[SOURCE DATA Boundary: Start]
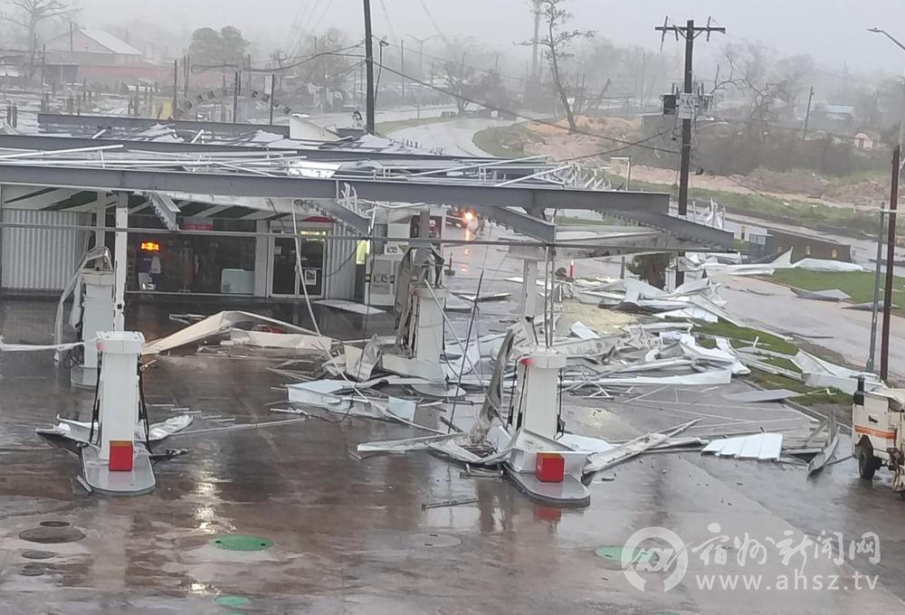 ↑10月28日,在牙买加蒙特哥贝市,一处加油站在飓风中受损。新华社发(牙买加观察家报供图)
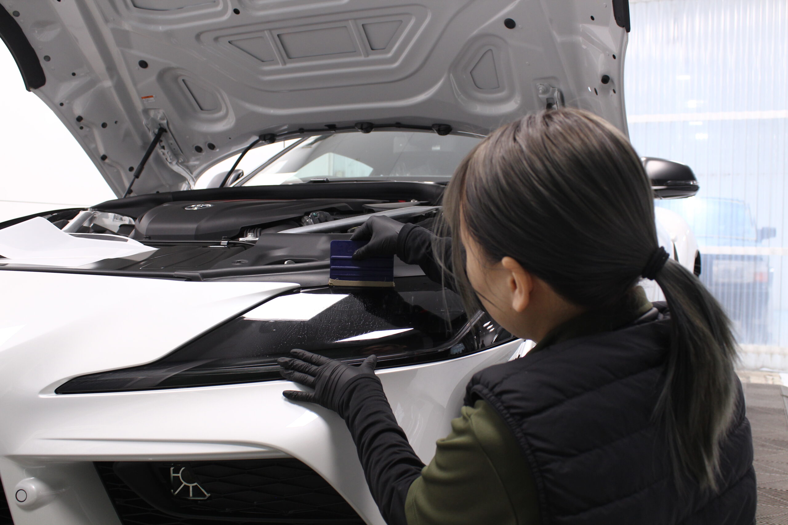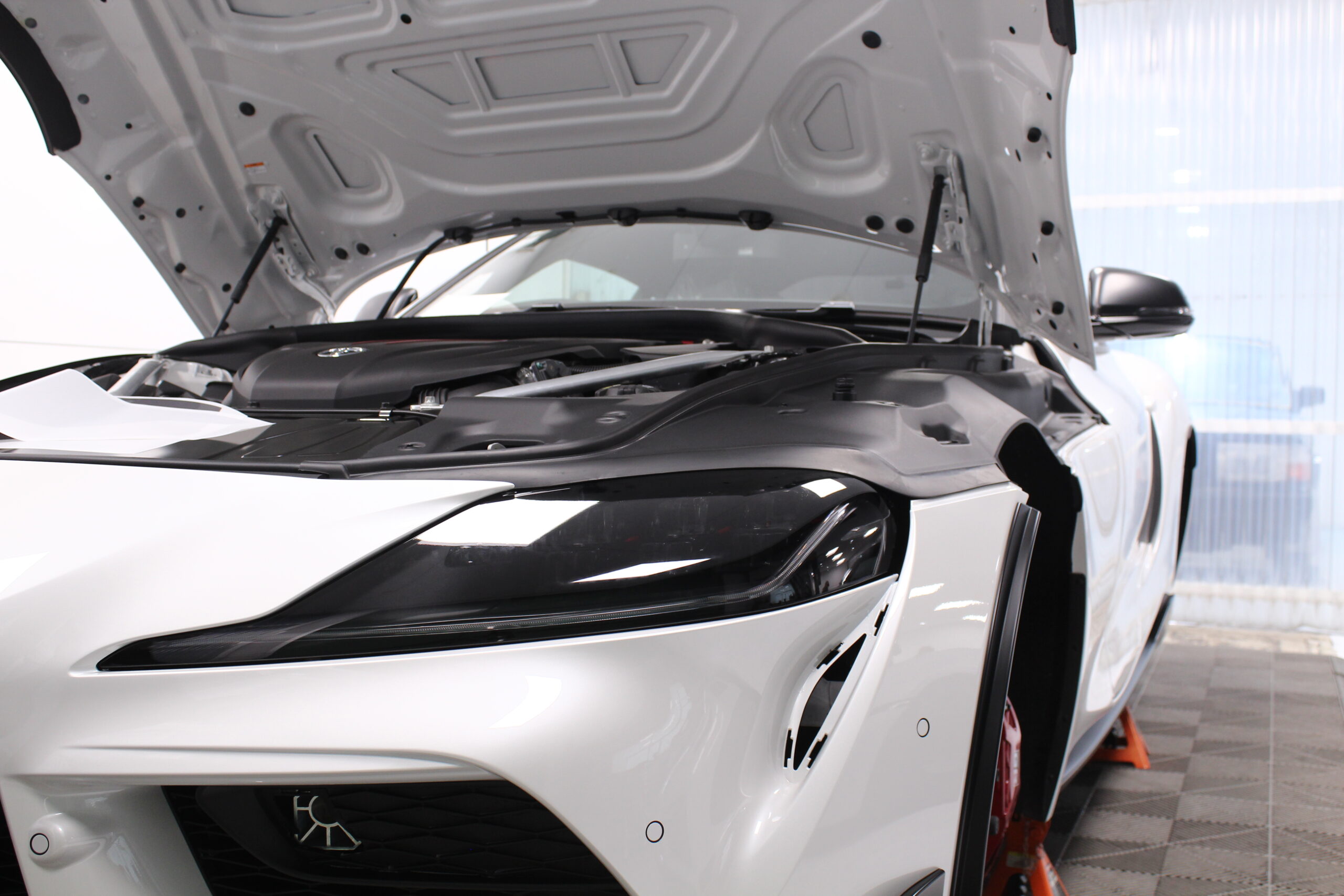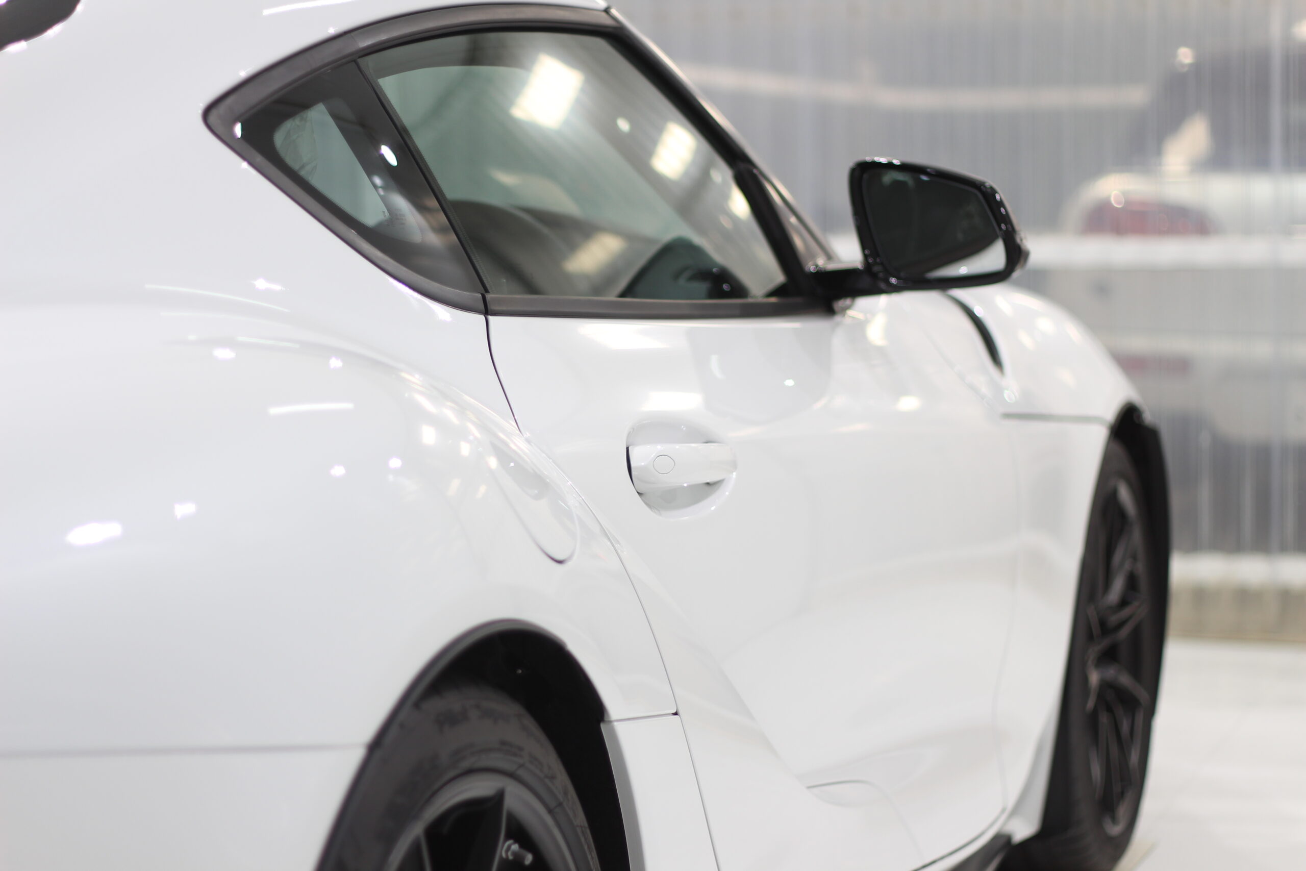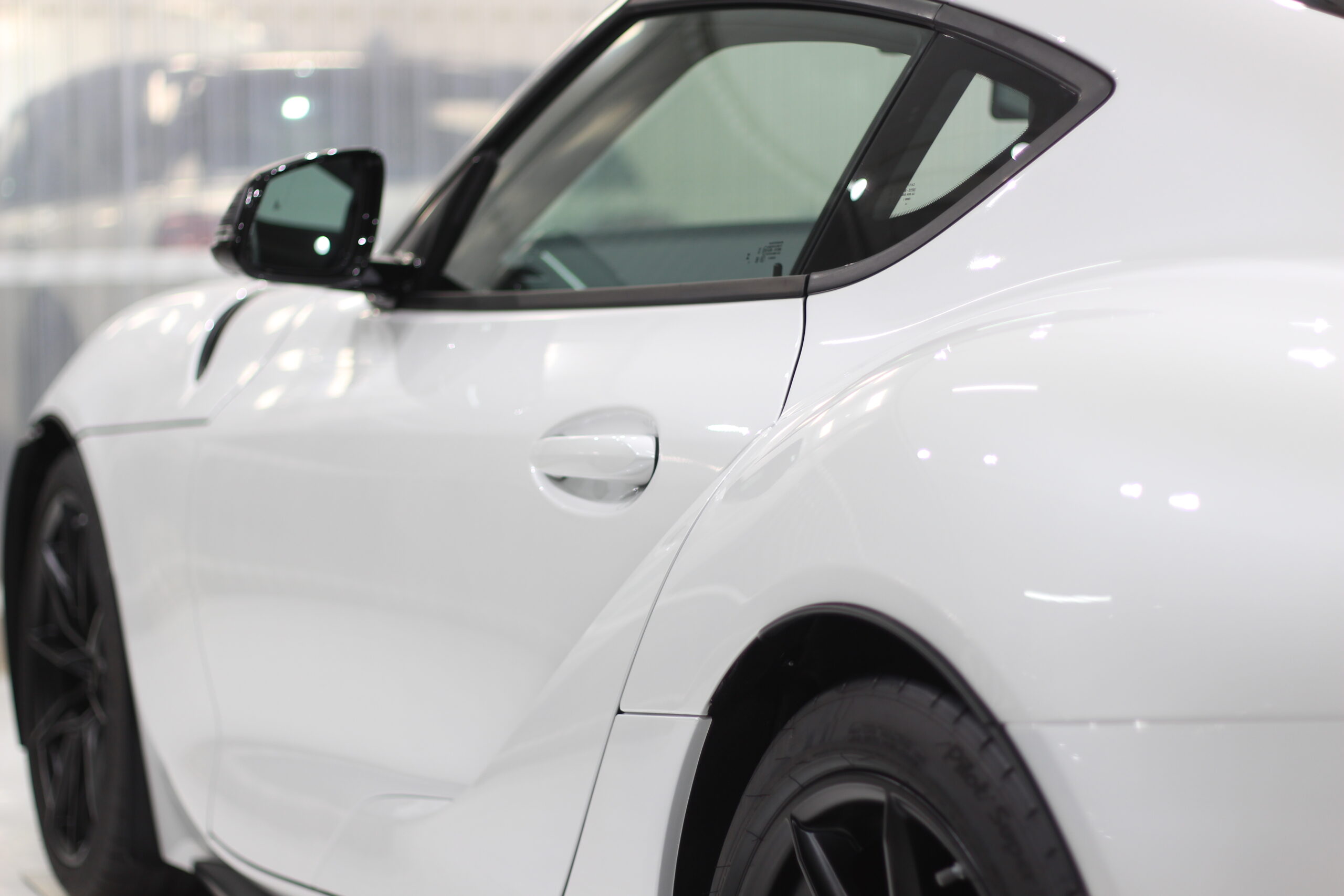 基本的には新車の個体ではあるので綺麗な状態ではありますが、海外から来るスープラは少し薄汚れがついている状態だったので新車塗膜に優しい磨きで整えながら、カスタムパーツを取り付ける準備もします。
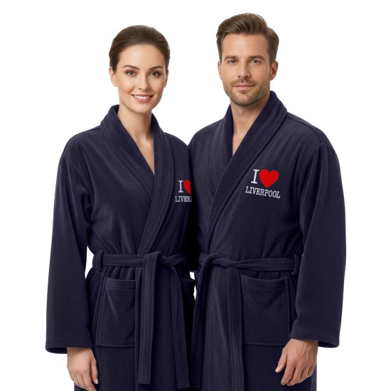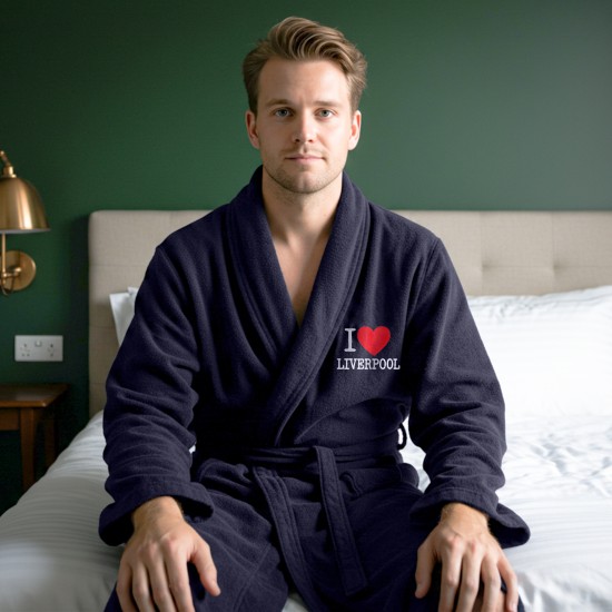 Personalise with your own name, initials, or text beneath the heart design. Each customised embroidered bathrobe is stitched with care for a perfect finish.
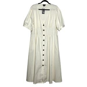 City Chic Sunset Stroll Ivory Button Front Dress Linen Blend Size 16
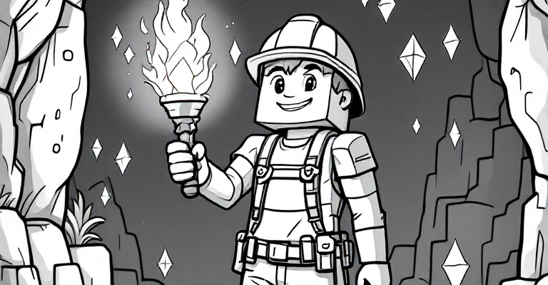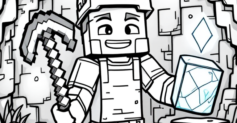 Отправляйся в увлекательное путешествие по шахте в Minecraft и ищи блестящие алмазы 💎! Наш раскраска показывает простую и радостную сцену с горняком и
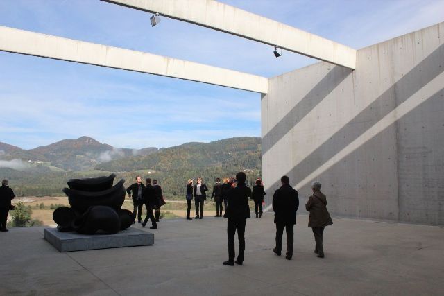 Wie eine Skulptur in der Landschaft ragt der langezogene Museumsbau auf einem stark abfallenden Hochplateau 70m über der Drau. Die Eingangszone orientiert sich zum Ortszentrum von Neuhaus und zum darüberliegenden historischen Schloss des Auftraggebers. Der Kern der Anlage ist die 160m lange tageslichtdurchflutete Ausstellungshalle mit angeschlossenen, großzügigen Terrassen und mobilen Trennwänden.
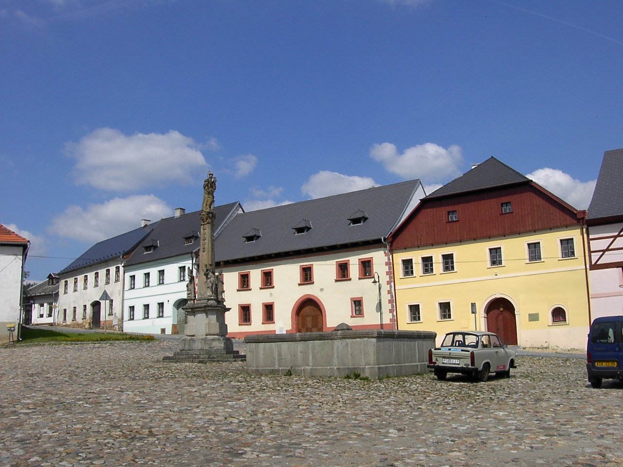 - Czech: Domy na úterské "návsi" s Mariánským sloupem.
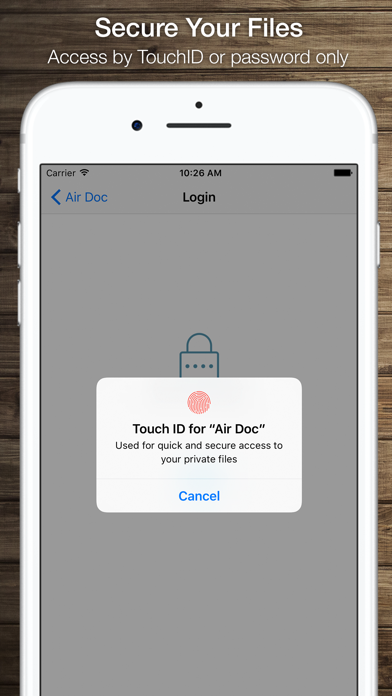 Air Doc is the ultimate solution for transferring files - documents, images, songs, you name it - to and from your iPhone or iPad without any cloud solution. Your files never leave your local network and every transmission is encrypted - protect your privacy. SECURE FILE SOLUTION Air Doc is the long missing file transfer solution for your iOS device. Simply drag and drop files to your iPhone or iPad. Your files never leave your network and are encrypted on transmission. Transfer files between iOS devices using AirDrop. You can archive multiple files (zip) and send them via email or messages. PRIVATE AREA You can move your files into a private area that is secured by TouchID or password. WEB ACCESS Access your files from any operating system (OSX or Windows) using your browser. Even stream movies directly from your iOS device to your browser. Use Air Doc to replace your Mac's secondary display with your iPad vor viewing documents - enhanced by the touch capabilities of your iOS device, but without the need to install any drivers. Simply drag movies and songs to your iOS device to view them offline - even stream to your AppleTV using AirPlay. The Air Doc App for your Mac is available in the Mac App Store. NETWORK From Mac to iOS: all your devices must have access to the same LAN (or WLAN) - no additional network configuration is needed. From iOS to iOS: no network configuration needed at all. FEATURES - transfer files between iPhone/iPad devices using Air Drop - import or export images from camera or photo library - private file area secured by TouchID and/or password - Live Preview: every time you save your graphic, the preview on the device will be updated - transfer files to and from your iOS device, simply by drag&drop - upload your files to and from iCloud Drive or Dropbox and have them available anywhere - full multitasking support on supported iPads - upload and download files using your web browser - send and display a screenshot to your iOS device with one click or by hotkey (Cmd-Alt-S) - send and display the current clipboard with one click or by hotkey (Cmd-Alt-V) - supported document formats: pdf, doc, xls, pages, numbers, txt, rtf - anything QuickLook can show - supported multimedia formats: m4v, m4a, mp3 - anything iOS can play - Air Doc for iOS is an universal app, runs on iPhone and iPad - stores your last uploads for access when offline - zero configuration network support (Bonjour) USE CASES - share photos with your friends on the go - preview your work in progress directly on your iPhone or iPad - use it as an enhanced secondary display for your Mac - sync files between your iOS devices using iCloud - transfer files from any operating system in your browser - transfer your documents from any Mac fast and easy just by drag&drop - like a wireless USB stick - simply drop a web url and it will immediately open in a browser on your iOS device - use it to distribute handouts without the need for email, iTunes or any cloud space - fast and easy - drop movies to watch them on your iOS device and take them with you, even stream your movies using AirPlay - drop movies or songs to your friends iOS device without any pairing or cables - store recently transferred files on your iOS device for later viewing (without the need for any network access) We always want to improve our apps, so if you encounter any errors or if you have any suggestions, please write to [email protected]
[SOURCE DATA Boundary: End]
## AIM OF THE TASK
What should be set down is every line from the opening of the records through the line that contains "Personalise with your", exactly, with pictures left out.

## ANSWER
 ↑10月28日,在牙买加蒙特哥贝市,一处加油站在飓风中受损。新华社发(牙买加观察家报供图)
 基本的には新車の個体ではあるので綺麗な状態ではありますが、海外から来るスープラは少し薄汚れがついている状態だったので新車塗膜に優しい磨きで整えながら、カスタムパーツを取り付ける準備もします。
 Personalise with your own name, initials, or text beneath the heart design. Each customised embroidered bathrobe is stitched with care for a perfect finish.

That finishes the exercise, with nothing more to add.